Information supplied:
.....

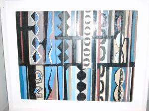In lunghezza si susseguono zonature verticali nei colori nero, grigio, bianco, azzurro e rosa. Lo spazio dell'opera appare tagliato da una linea orizzontale
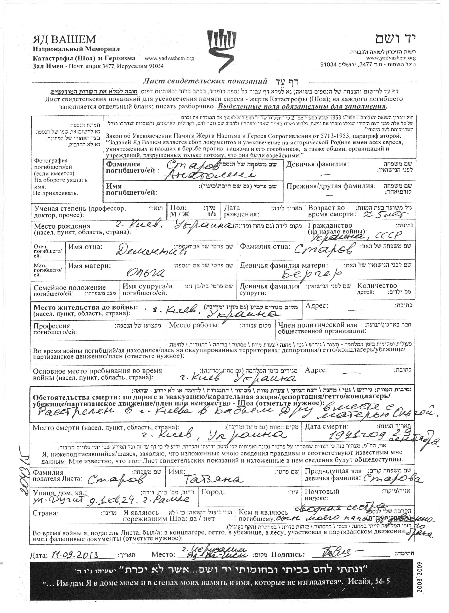 Starov Anatolyi Kiev, Ukraine (USSR) Page of Testimony
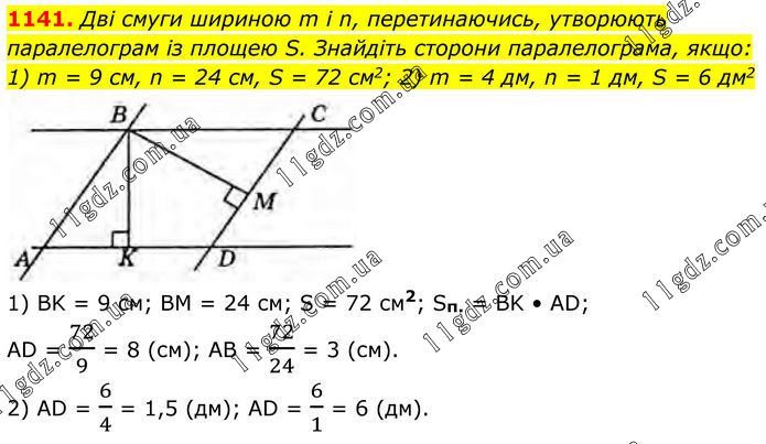 1141. Дві смуги шириною m і n, перетинаючись, утворюють паралелограм із площею S. Знайдіть сторони паралелограма, якщо: 1) m = 9 см, n = 24 см, S = 72 см2; 2) m = 4 дм, n = 1 дм, S = 6 дм2 1) BK = 9 cм; BM = 24 cм; S = 72 cм2; Sп. = BK • AD; AD = 72/9 = 8 (см); AB = 72/24 = 3 (см). 2) AD = 6/4 = 1,5 (дм); AD = 6/1 = 6 (дм).
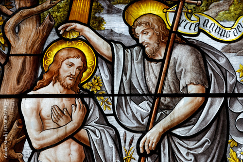 © Godong Photo, Fototapeta premium Notre-Dame de Beaune basilica. Stained glass. The baptism of Jesus by John the Baptist. Beaune. France.

.....

Task statement: Could you reproduce all of the data above exactly and skip any image?

Answer space:
In lunghezza si susseguono zonature verticali nei colori nero, grigio, bianco, azzurro e rosa. Lo spazio dell'opera appare tagliato da una linea orizzontale
 Starov Anatolyi Kiev, Ukraine (USSR) Page of Testimony
 1141. Дві смуги шириною m і n, перетинаючись, утворюють паралелограм із площею S. Знайдіть сторони паралелограма, якщо: 1) m = 9 см, n = 24 см, S = 72 см2; 2) m = 4 дм, n = 1 дм, S = 6 дм2 1) BK = 9 cм; BM = 24 cм; S = 72 cм2; Sп. = BK • AD; AD = 72/9 = 8 (см); AB = 72/24 = 3 (см). 2) AD = 6/4 = 1,5 (дм); AD = 6/1 = 6 (дм).
 © Godong Photo, Fototapeta premium Notre-Dame de Beaune basilica. Stained glass. The baptism of Jesus by John the Baptist. Beaune. France.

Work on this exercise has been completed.